List of Password Rules for Texas Child Support Site - DanBC
http://portal.cs.oag.state.tx.us/OAGStaticContent/portal/login/help/listPasswordRules.htm
======
noonespecial
How thoughtful of them to provide such a useful guide for tuning a brute force
cracker to succeed with minimum effort...

I especially like the list of helpful suggestions at the end to help select
the best dictionary.

------
pizza
bet you those would be the top 5 passwords, lol..

------
DanBC
This list is so awful it must be parody, right?

Except this is a newer revised list. Here's an older version:

[https://www.inc.com/thomas-koulopoulos/all-that-advice-
about...](https://www.inc.com/thomas-koulopoulos/all-that-advice-about-
passwords-turns-out-to-be-to.html)

> 1\. The password must be exactly 8 characters long.

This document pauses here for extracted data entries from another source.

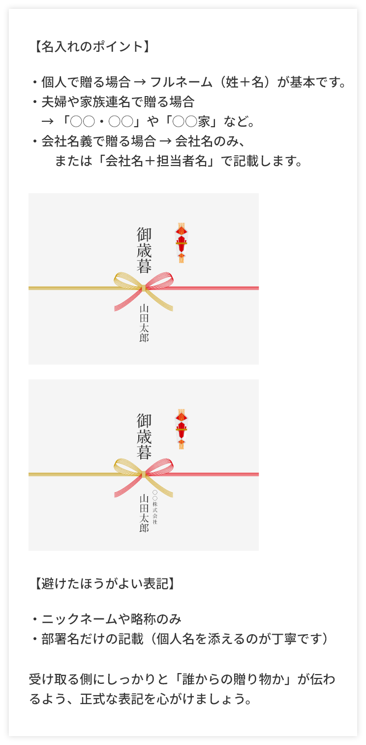 はい、無料で熨斗を承っております。対応商品をカートに追加後、名入れをご希望の方は入力欄にご記入ください。
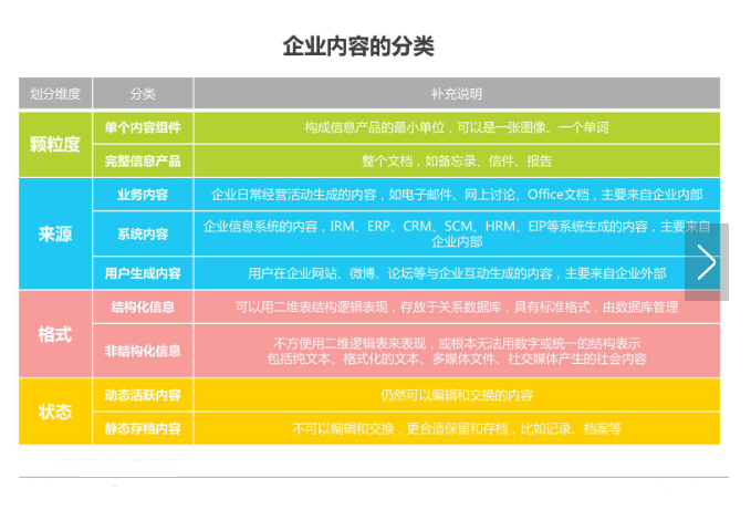 “内容”一词源于出版媒体业,开始主要指的是书报杂志、唱片影带里的创作内容。随着计算机、互联网的普遍使用,企业内外信息的流通不断加速,文档与资料数量不断增加,内容的范围不断扩大,由原来的出版媒体内容,发展为企业内外所有与其相关、以数字形式展现的信息聚合。企业内容可从内容分割度、内容来源、内容格式、内容状态等不同维度进行分类。
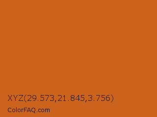 XYZ 29.573,21.845,3.756 Color is a normal orange color and the nearest color is Piper #c96323. Hex code #cc631c and RGB value is rgb(204,99,28). In RGB color space, this color is composed of 80% red, 39% green, 11% blue, In CMYK color space, this color is composed of 0% cyan, 51% magenta, 86% yellow , 20% black , In HSL color space, this color has a hue angle of 24° , 76% saturation and 45% lightness.

> 2\. It must contain at least one letter, one number, and one of the
> following special characters.

> 3\. The only special characters allowed are: @ # $

> 4\. A special character must not be located in the first or last position.

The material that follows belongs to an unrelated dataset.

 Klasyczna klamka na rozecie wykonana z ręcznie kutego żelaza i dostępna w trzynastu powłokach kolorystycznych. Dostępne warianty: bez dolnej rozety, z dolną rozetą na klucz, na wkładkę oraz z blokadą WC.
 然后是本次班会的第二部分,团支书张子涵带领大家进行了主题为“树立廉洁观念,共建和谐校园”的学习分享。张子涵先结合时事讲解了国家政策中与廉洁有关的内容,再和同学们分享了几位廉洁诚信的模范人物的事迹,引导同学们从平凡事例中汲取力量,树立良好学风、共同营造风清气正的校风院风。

> 5\. Two of the same characters sitting next to each other are considered to
> be a "set." No "sets" are allowed. Example: rr, tt

> 6\. Avoid using names, such as your name, user ID, or the name of your
> company or employer.

> 7\. Other words that cannot be used are Texas, child, and the months of the
> year.

> 8\. A new password cannot be too similar to the previous password.

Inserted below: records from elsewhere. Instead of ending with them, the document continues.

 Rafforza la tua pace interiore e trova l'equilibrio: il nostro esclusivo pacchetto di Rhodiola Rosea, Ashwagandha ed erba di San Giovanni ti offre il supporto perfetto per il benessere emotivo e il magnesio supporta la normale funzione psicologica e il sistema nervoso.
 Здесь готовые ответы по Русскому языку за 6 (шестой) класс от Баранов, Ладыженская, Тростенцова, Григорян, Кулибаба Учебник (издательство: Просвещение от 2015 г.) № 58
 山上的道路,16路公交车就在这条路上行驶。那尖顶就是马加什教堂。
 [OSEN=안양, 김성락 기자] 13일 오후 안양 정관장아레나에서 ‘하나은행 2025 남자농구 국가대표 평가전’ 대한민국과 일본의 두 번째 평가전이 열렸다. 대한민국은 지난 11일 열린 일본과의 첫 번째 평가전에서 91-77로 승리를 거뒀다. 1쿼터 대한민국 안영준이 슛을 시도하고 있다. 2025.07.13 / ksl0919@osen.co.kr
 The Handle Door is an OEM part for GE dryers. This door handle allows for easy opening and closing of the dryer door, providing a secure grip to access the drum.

> 9\. Example: previous password - abc#1234; unacceptable new password -
> acb$1243

> 10\. Characters in the first, second, and third positions cannot be
> identical. (abc __ __ _)

> 11\. Characters in the second, third, and fourth positions cannot be
> identical. (_bc# __ __)

> 12\. Characters in the sixth, seventh, and eighth positions cannot be
> identical. ( __ __*234)

> 13\. The previous 8 passwords cannot be reused.